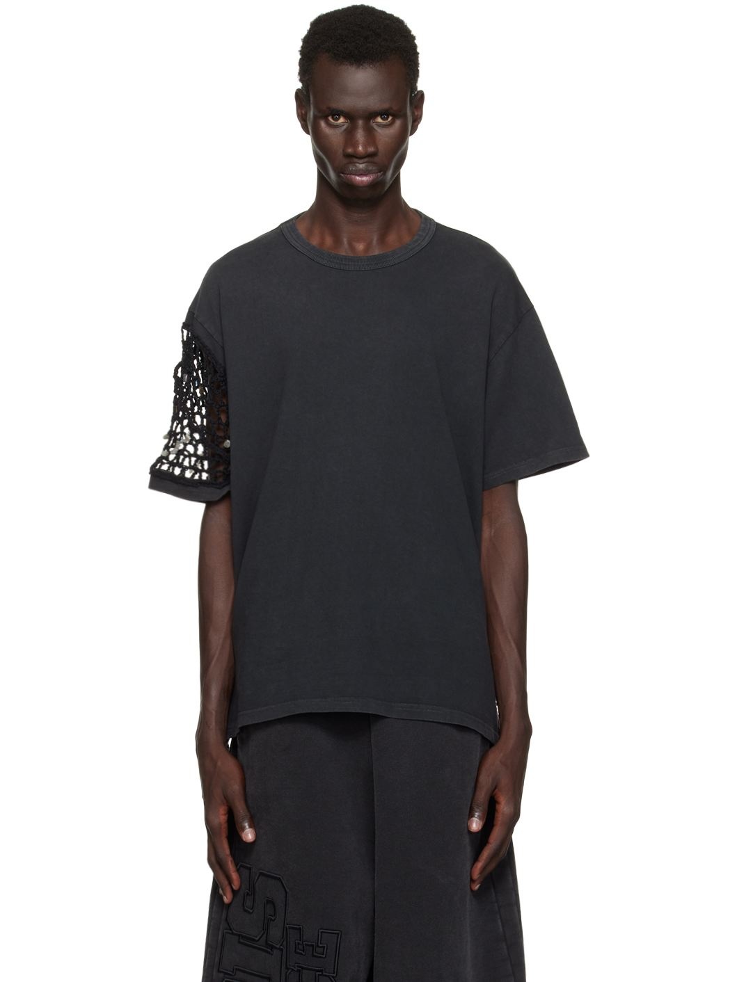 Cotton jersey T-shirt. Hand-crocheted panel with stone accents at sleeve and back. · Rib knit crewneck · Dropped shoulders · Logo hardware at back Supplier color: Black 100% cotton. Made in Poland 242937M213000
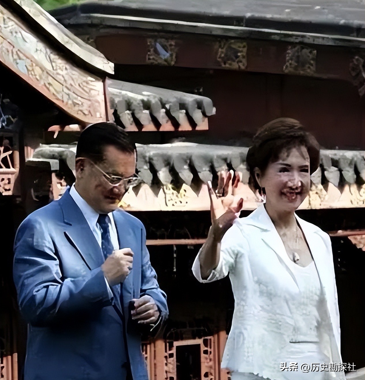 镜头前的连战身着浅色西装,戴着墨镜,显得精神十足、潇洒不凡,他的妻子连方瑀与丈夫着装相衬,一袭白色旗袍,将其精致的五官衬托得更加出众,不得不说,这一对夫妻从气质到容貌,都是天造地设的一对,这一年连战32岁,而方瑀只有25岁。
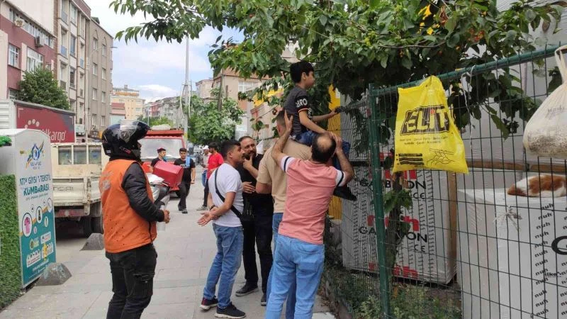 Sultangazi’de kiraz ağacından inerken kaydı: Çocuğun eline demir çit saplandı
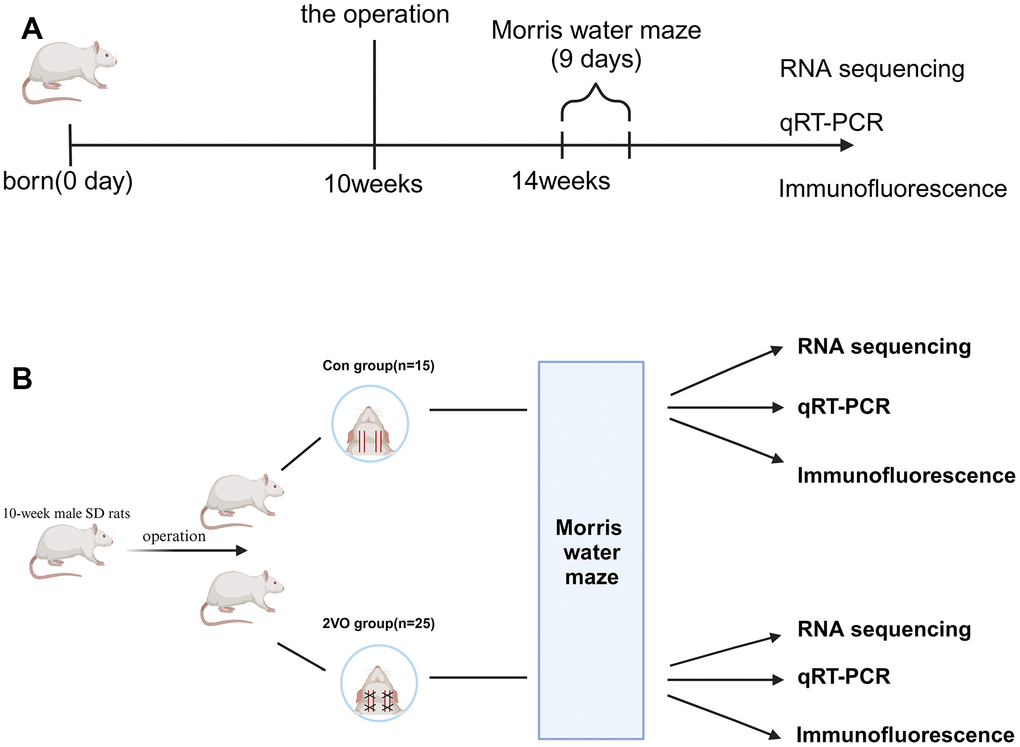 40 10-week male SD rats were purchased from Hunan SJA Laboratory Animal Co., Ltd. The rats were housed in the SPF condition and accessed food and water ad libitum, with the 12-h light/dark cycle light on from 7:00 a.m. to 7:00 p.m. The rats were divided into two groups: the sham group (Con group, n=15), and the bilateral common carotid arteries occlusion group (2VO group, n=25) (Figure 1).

* _Work task_
In copying the material, drop all pictures and keep everything else identical.

* _Result of the task_
 Cotton jersey T-shirt. Hand-crocheted panel with stone accents at sleeve and back. · Rib knit crewneck · Dropped shoulders · Logo hardware at back Supplier color: Black 100% cotton. Made in Poland 242937M213000
 镜头前的连战身着浅色西装,戴着墨镜,显得精神十足、潇洒不凡,他的妻子连方瑀与丈夫着装相衬,一袭白色旗袍,将其精致的五官衬托得更加出众,不得不说,这一对夫妻从气质到容貌,都是天造地设的一对,这一年连战32岁,而方瑀只有25岁。
 Sultangazi’de kiraz ağacından inerken kaydı: Çocuğun eline demir çit saplandı
 40 10-week male SD rats were purchased from Hunan SJA Laboratory Animal Co., Ltd. The rats were housed in the SPF condition and accessed food and water ad libitum, with the 12-h light/dark cycle light on from 7:00 a.m. to 7:00 p.m. The rats were divided into two groups: the sham group (Con group, n=15), and the bilateral common carotid arteries occlusion group (2VO group, n=25) (Figure 1).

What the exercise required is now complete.